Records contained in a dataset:
****************

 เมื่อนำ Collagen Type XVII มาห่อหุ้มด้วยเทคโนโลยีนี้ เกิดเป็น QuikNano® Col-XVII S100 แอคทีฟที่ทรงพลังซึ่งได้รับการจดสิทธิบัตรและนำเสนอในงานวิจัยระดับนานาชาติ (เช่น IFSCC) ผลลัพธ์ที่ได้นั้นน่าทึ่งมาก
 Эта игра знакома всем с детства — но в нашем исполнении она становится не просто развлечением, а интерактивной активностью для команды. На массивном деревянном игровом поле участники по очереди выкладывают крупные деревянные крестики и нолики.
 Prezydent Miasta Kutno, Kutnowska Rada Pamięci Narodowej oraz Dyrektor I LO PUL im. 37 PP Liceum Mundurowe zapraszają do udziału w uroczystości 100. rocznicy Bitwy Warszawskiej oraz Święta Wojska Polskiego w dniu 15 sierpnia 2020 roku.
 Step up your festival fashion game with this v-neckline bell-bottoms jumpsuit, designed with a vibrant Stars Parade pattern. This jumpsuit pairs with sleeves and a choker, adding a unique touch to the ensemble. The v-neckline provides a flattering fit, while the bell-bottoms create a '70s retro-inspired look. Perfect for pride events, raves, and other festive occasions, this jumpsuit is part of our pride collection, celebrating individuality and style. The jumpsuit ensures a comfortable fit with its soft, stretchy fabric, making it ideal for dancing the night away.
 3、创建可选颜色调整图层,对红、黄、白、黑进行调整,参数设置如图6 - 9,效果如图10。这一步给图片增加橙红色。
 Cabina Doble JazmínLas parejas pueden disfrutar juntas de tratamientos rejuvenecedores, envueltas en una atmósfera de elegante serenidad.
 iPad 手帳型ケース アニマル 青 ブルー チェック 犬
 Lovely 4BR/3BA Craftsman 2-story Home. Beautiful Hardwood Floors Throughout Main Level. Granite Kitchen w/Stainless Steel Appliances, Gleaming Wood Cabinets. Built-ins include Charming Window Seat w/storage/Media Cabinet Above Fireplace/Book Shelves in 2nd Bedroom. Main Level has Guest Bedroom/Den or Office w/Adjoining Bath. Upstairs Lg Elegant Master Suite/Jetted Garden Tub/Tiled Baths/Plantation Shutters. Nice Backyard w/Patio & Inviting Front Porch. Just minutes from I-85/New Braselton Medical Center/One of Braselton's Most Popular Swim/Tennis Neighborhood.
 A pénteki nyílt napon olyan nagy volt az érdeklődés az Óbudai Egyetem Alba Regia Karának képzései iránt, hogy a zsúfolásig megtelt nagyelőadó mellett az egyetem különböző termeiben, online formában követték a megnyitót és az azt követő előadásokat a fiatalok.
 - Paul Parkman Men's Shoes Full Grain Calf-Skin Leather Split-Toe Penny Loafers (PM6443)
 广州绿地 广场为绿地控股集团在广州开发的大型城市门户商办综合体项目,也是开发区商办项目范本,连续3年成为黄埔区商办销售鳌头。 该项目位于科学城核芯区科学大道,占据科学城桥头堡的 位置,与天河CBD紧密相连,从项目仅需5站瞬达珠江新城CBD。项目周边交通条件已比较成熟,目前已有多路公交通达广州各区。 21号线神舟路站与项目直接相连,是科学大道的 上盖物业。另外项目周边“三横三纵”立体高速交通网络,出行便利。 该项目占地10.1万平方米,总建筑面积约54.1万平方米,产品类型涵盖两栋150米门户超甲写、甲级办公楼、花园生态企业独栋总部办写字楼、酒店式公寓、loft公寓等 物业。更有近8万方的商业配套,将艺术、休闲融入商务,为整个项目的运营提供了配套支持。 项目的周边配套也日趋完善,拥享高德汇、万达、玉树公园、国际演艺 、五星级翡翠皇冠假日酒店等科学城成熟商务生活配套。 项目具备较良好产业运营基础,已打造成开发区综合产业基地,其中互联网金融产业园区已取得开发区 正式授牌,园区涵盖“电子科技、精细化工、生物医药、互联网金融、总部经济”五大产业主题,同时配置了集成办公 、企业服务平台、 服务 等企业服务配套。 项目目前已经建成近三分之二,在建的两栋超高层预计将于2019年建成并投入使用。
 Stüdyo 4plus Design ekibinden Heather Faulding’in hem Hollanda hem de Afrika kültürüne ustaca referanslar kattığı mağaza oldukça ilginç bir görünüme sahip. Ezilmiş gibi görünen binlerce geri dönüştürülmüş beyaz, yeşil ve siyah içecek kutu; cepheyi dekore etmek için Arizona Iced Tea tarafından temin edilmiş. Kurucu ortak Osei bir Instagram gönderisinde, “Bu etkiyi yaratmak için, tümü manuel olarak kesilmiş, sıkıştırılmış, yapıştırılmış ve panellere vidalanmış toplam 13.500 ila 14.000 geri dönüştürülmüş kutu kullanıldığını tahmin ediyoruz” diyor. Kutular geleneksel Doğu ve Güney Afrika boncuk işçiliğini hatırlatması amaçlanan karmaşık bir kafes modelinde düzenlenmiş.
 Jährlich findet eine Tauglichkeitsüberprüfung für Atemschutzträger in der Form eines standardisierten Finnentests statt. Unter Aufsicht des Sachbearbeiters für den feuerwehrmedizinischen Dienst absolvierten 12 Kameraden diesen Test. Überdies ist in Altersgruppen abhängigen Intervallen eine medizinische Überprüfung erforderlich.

****************

WHAT TO WORK ON: Look through the data above and return exactly the lines from the one that contains "Cabina Doble JazmínLas" to the one that contains "iPad 手帳型ケース アニマル 青 ブルー チェック 犬", inclusive, with nothing else.

ANSWER:
 Cabina Doble JazmínLas parejas pueden disfrutar juntas de tratamientos rejuvenecedores, envueltas en una atmósfera de elegante serenidad.
 iPad 手帳型ケース アニマル 青 ブルー チェック 犬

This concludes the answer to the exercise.